The Pain Was Never in the Knowing

Feb 11, 2025

All I Did Was Wonder

And it led me here.

The big wonder, the one I thought was too strange, too impossible, too ridiculous for a 48-year-old man to ask, was this—

How did I never truly know that I was loved?

And once I started wondering that…
Wonder ran away with me.

Because once you ask one question,
Once you open the door to one truth,
You start seeing the others.

And here’s one.
This one’s a good one.

I wondered why my dad once told me that one of his biggest regrets in life was not sleeping at night.
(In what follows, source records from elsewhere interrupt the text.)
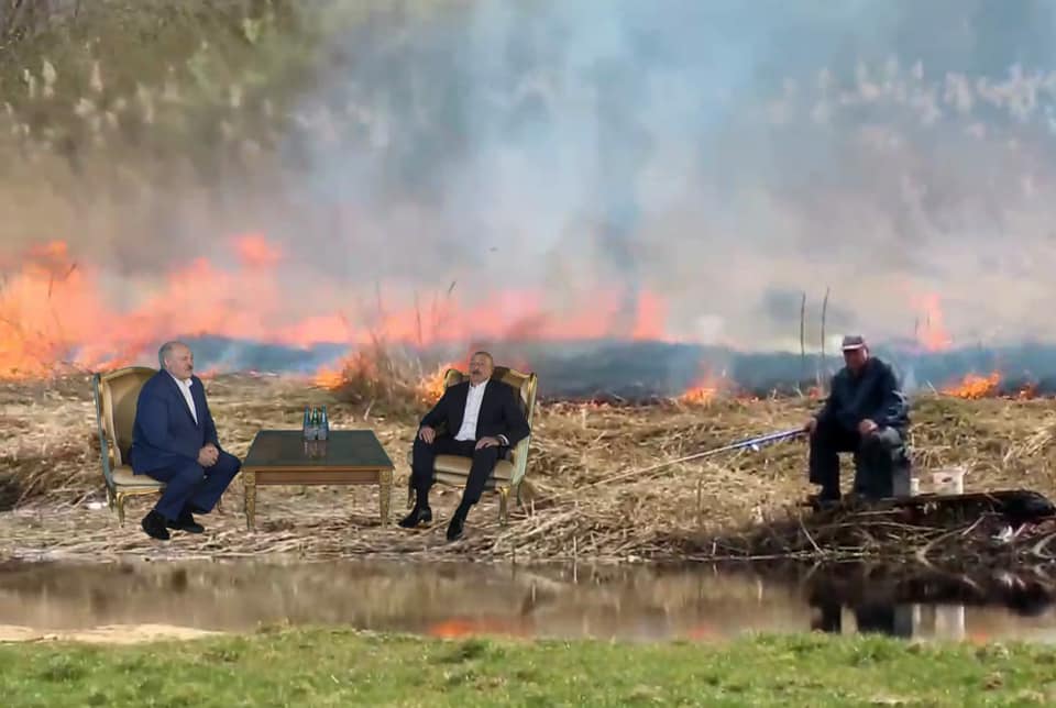 На фотожабе Лукашенко якобы сидит возле водоема на рыбалке. А в это время за его спиной горит трава.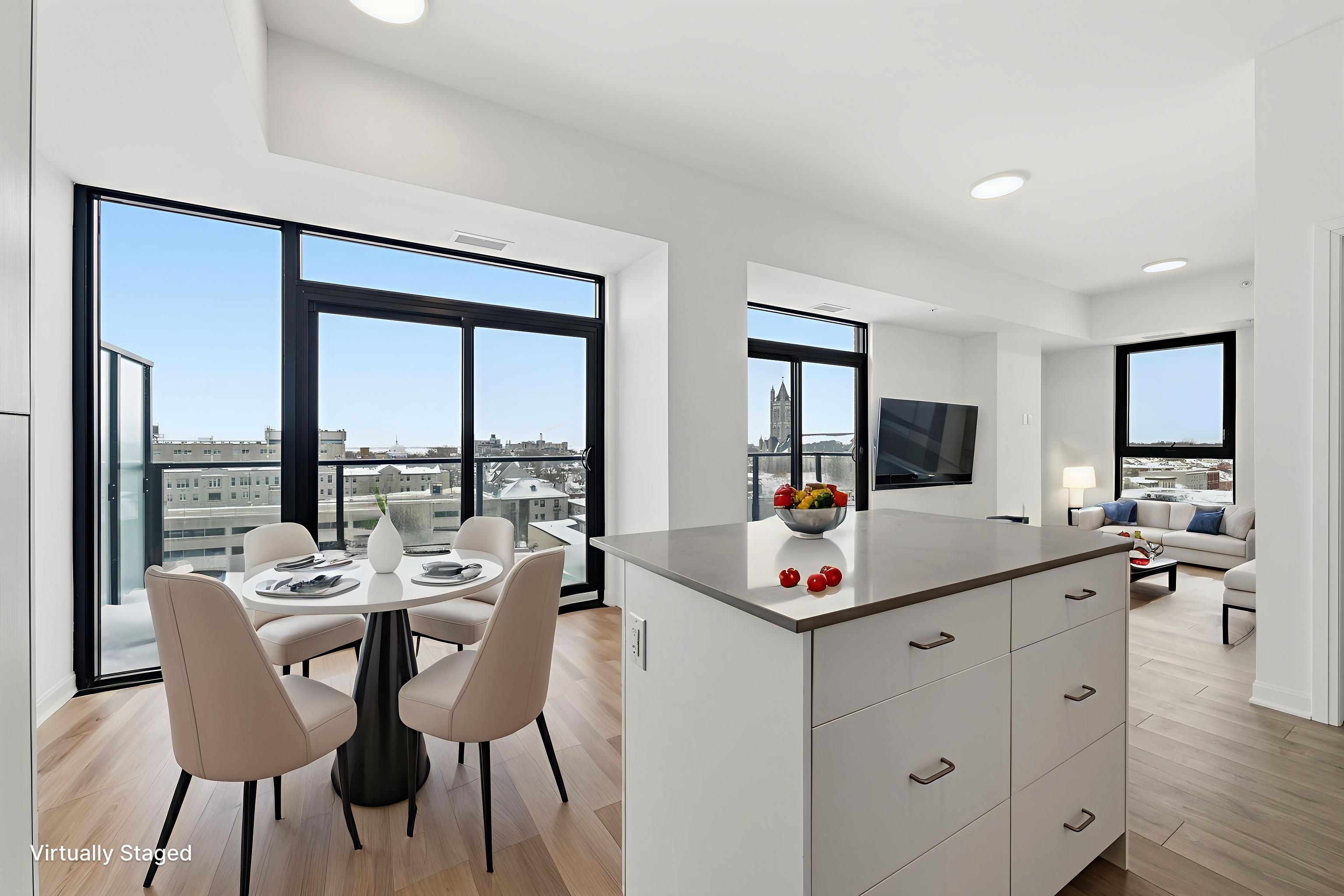 Stunning, beautifully finished top floor corner unit featuring 2 bedrooms, 2 full baths, 2 balconies, spectacular water views & a well-designed layout in the heart of downtown kingston. Welcome to the crown condominiums! This cozy ninth-floor unit is host to soaring ceilings, an open-concept designer kitchen connected to a dedicated dining & living are offering sweeping panoramic views of both downtown kingston & lake ontario. Enjoy premium amenities including in-suite laundry, a storage locker, underground parking, a rooftop terrace with bbqs, lounge areas, a party room with full kitchen, a fitness center with yoga studio & concierge service. Located quite literally in the middle of the downtown core, just minutes from queen's university, kgh/hotel dieu & a wide variety of restaurants, shops & amenities, this location presents unbeatable convenience. Whether you're a student, professional, or looking for an upscale urban lifestyle, this condo is a perfect place to call home.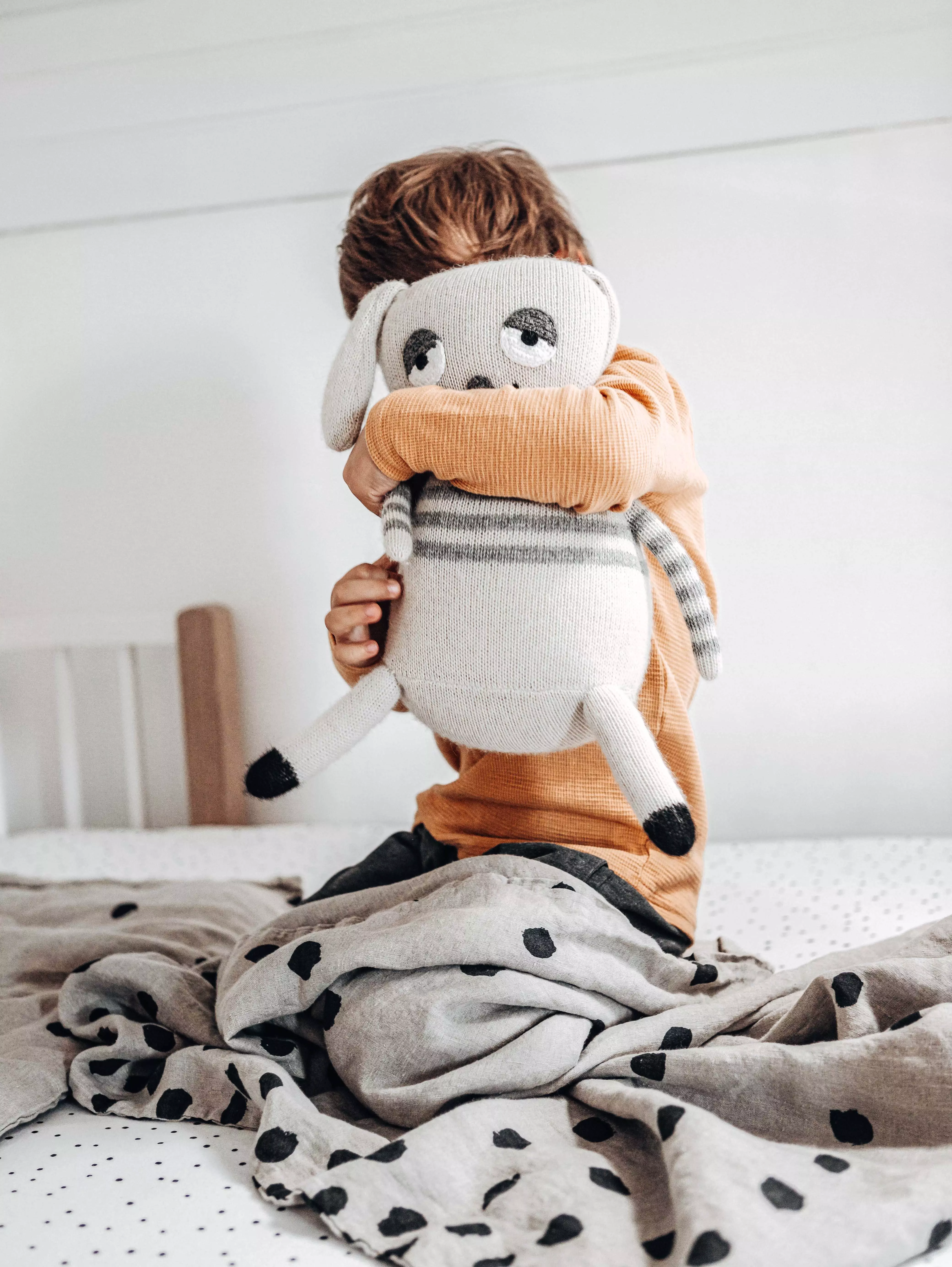 Szukasz idealnej przytulanki dla swojego dziecka? Prezentujemy mięciutkiego pieska pluszowego Lazy Dog od Ooh Noo! Ten uroczy piesek wykonany jest z 100% wełny z młodej alpaki (baby alpaca wool), co sprawia, że jest on niezwykle miękki i doskonały do przytulania. To nie tylko zabawka, to towarzysz Twojego dziecka, który pomoże mu się uspokoić przed snem.

Weird thing to say, isn’t it?


And Then the Wonder Collided

One wonder, on its own, can be profound.
One can shake something loose,
One can turn something over,
One can be enough.

But when you add another…

When one big one, a strange one, meets a weird one,
And then another weird one stacks on top of that…

Something isn’t right.


Each moment of wonder led to another.
Not all of them seemed too far out of place.
But some did.

One of my weird wonders was this—
Why did my father’s companion tell him
That he didn’t think I wanted pictures of my childhood?

Or my mother’s ashes?

Why did he say that?

And then another wonder—
The kind that makes your stomach turn as a son—

Why would my father’s companion dare to say
That I didn’t visit my mom while she was in the hospital for the last time?

Why would she say that?


Each Answer Was a Piece of the Puzzle

I did go see my mom.
Every night, after work.

After the flights had taken off,
After the bags were loaded,
After the world had settled into sleep.

I sat with her.
Sometimes we talked.
Sometimes we didn’t.
Sometimes we just existed in the same space, sharing the silence.

But no one knew.

And then I wondered...

Why did it have to be a secret at all?

The secret wasn’t just mine.
It was hers too.

And I wondered—

Why would we have to keep that from my father, of all people?
Why would sitting in a hospital room, late at night, just me and my mom in her final days…
Why would that be a secret?

Why would it have to be ours?

Because if it had to be hidden, then what was the danger?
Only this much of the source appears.